■ To do ■
Beginning with the line containing "BHU PET 2019" and going on through the line containing "By pressing 'Select", the lines below are to be returned exactly, pictures excluded and nothing added.

Dataset entries:
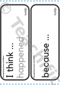 Recognising Cause and Effect prompts guide students to determine the cause of particular character actions and story events.
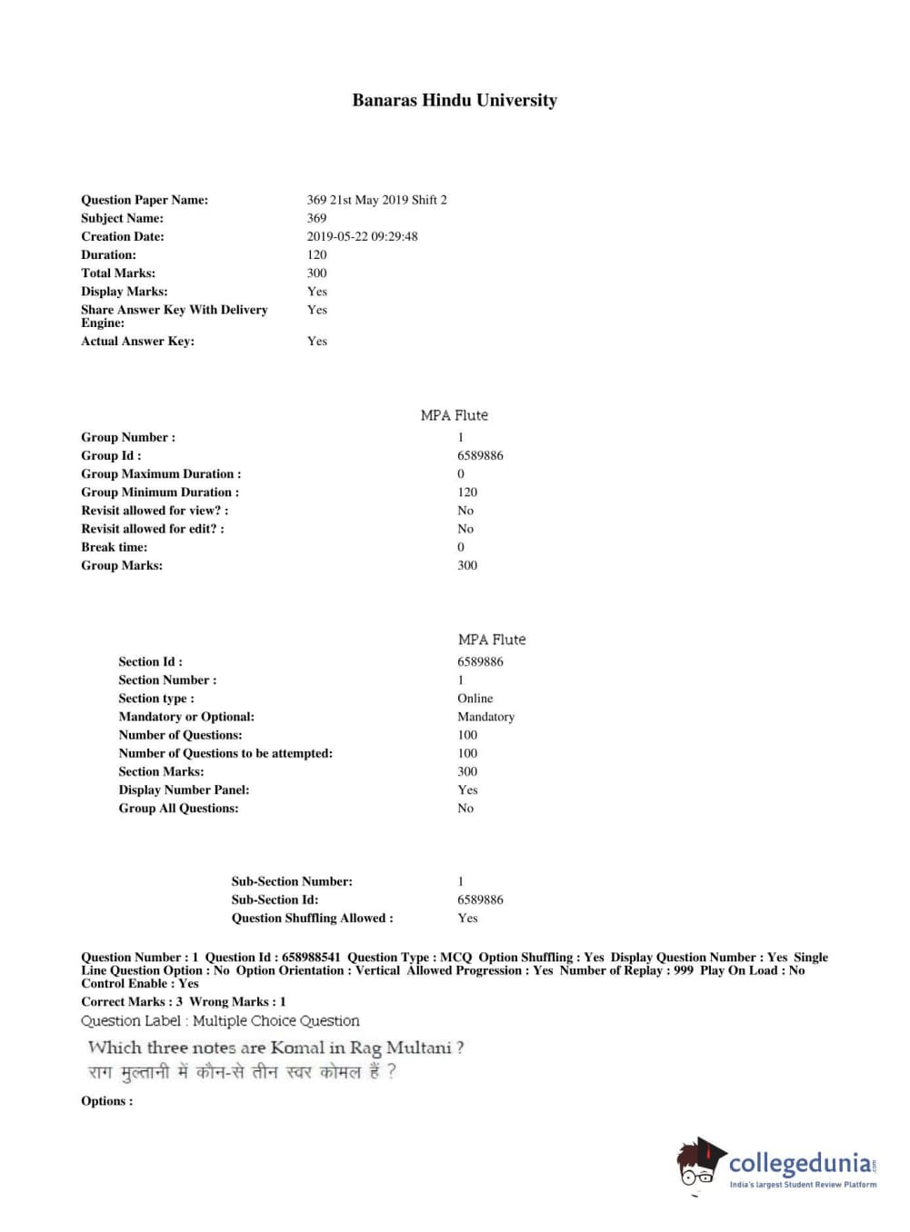 BHU PET 2019 MPA FLUTE Question Paper with Answer Key PDFs, Shift 2
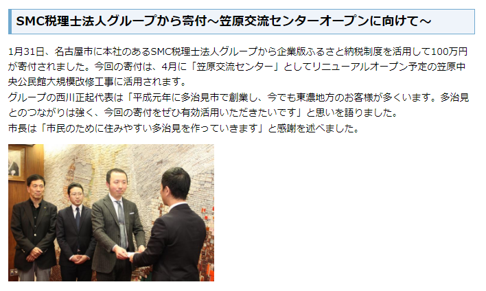 | SMC税理士法人 | 100,000 | 「共につくる。まるごと元気!多治見」 |
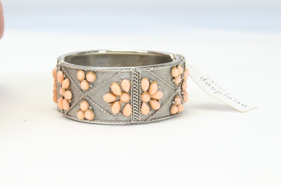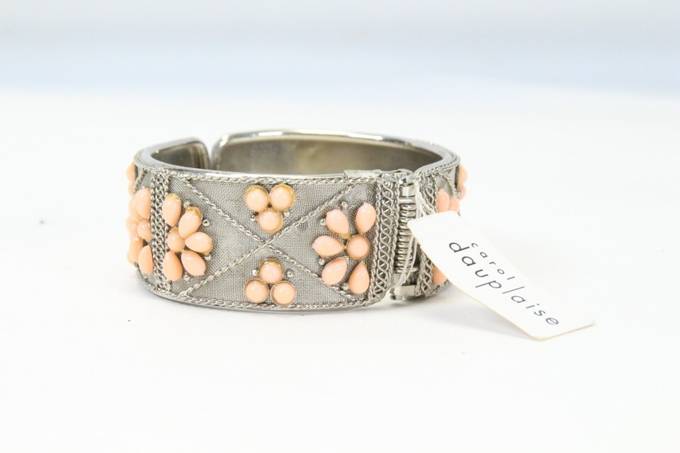 Carol Dauplaise Hinged Bracelet Pink Teardrop Beads New With Tag 2.25" ID 1" W
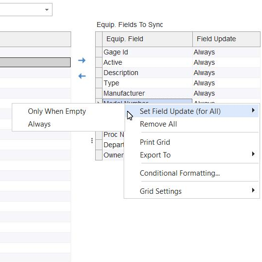 By pressing 'Select All Available Fields,' all fields can be quickly added by pressing the 'Add Equip. Field' button (>). Several options are available via right-mouse click in the 'Equip. Fields To Sync' grid, along with 'Remove All':
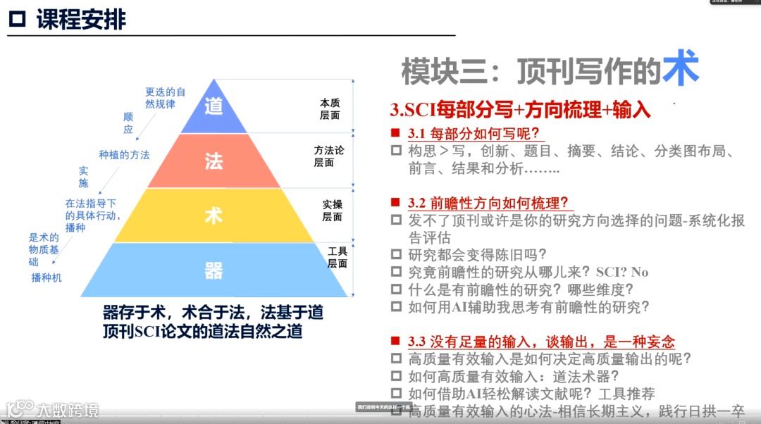 “道法术器”这四个字,或许听起来有些抽象,但在慢老师的讲解下,它却成为了科研工作中极具实用性的模型。从宏观的科研理念(道),到具体的研究方法(法),再到实际的操作技巧(术),以及最终呈现的成果(器),这一模型贯穿了科研的全过程。慢老师结合个人思考,为我们展示了如何运用这一模型来理解 SCI 的多维度内容,并提出了SCI论文的写作模型,详细介绍了如何利用AI来探寻科学问题、预实验、框架搭建等步骤。
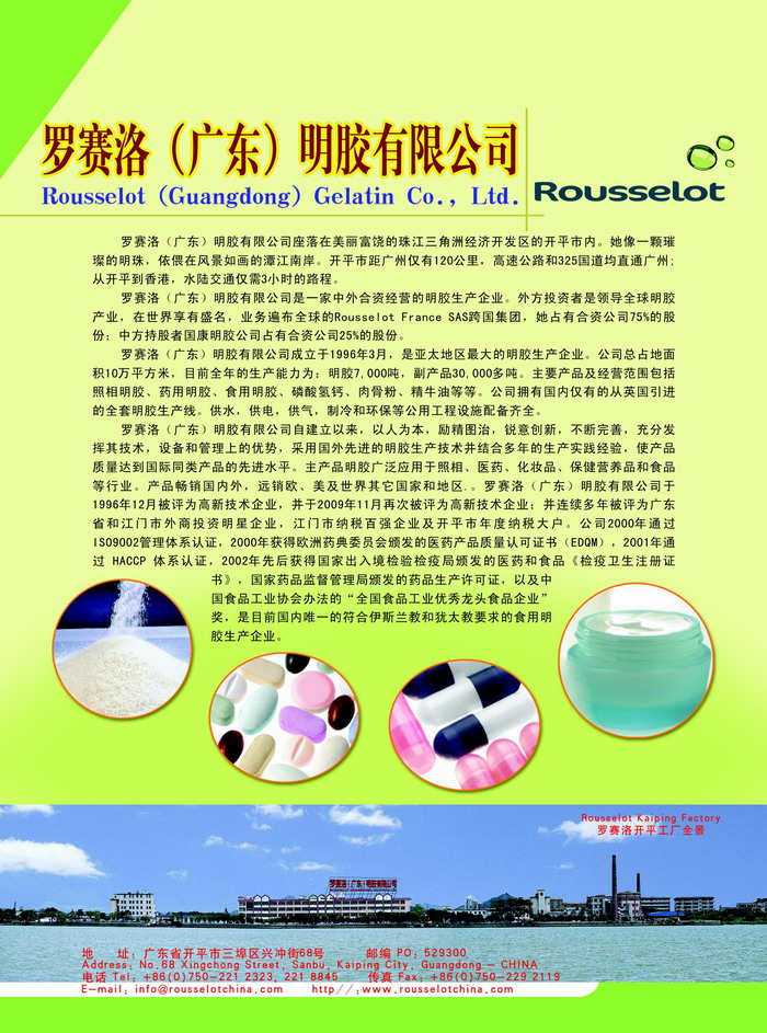 羅賽洛(廣東)明膠有限公司(以下稱“羅賽洛公司”)是由享有世界盛名的Rousselot France SAS跨國公司和開平明膠公司共同合資成立,外資占75%股份,中方占25%股份。公司主要研發和生產明膠產品,年生產明膠8217t,包括照相明膠、藥用明膠和食用明膠。產品遠銷歐美及世界其他國家和地區。

■ Response ■
 BHU PET 2019 MPA FLUTE Question Paper with Answer Key PDFs, Shift 2
 | SMC税理士法人 | 100,000 | 「共につくる。まるごと元気!多治見」 |
 Carol Dauplaise Hinged Bracelet Pink Teardrop Beads New With Tag 2.25" ID 1" W
 By pressing 'Select All Available Fields,' all fields can be quickly added by pressing the 'Add Equip. Field' button (>). Several options are available via right-mouse click in the 'Equip. Fields To Sync' grid, along with 'Remove All':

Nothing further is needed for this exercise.